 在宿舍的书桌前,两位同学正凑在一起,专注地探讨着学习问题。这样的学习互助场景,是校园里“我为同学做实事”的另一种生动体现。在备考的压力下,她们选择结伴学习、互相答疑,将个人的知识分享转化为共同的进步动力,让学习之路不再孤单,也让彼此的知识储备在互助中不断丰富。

■ ■ ■ ■ ■

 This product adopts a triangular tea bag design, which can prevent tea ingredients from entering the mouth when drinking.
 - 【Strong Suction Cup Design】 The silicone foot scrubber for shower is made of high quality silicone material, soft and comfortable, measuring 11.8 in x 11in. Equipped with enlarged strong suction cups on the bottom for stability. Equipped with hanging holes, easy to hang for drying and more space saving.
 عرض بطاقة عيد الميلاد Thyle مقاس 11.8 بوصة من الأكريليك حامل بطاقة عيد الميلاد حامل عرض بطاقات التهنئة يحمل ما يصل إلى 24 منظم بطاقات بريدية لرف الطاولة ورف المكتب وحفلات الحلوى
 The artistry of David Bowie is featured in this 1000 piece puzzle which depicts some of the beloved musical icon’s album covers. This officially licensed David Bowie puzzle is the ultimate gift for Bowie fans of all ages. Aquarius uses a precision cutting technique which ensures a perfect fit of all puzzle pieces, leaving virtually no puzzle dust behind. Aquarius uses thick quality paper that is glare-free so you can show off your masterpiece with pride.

■ ■ ■ ■ ■

> **TASK GOAL**: From the data above, reproduce word for word the lines running from the line with "- 【Strong Suction" to the line with "عرض بطاقة عيد", ends included.

> **ANSWER FOR THIS EXERCISE**:
 - 【Strong Suction Cup Design】 The silicone foot scrubber for shower is made of high quality silicone material, soft and comfortable, measuring 11.8 in x 11in. Equipped with enlarged strong suction cups on the bottom for stability. Equipped with hanging holes, easy to hang for drying and more space saving.
 عرض بطاقة عيد الميلاد Thyle مقاس 11.8 بوصة من الأكريليك حامل بطاقة عيد الميلاد حامل عرض بطاقات التهنئة يحمل ما يصل إلى 24 منظم بطاقات بريدية لرف الطاولة ورف المكتب وحفلات الحلوى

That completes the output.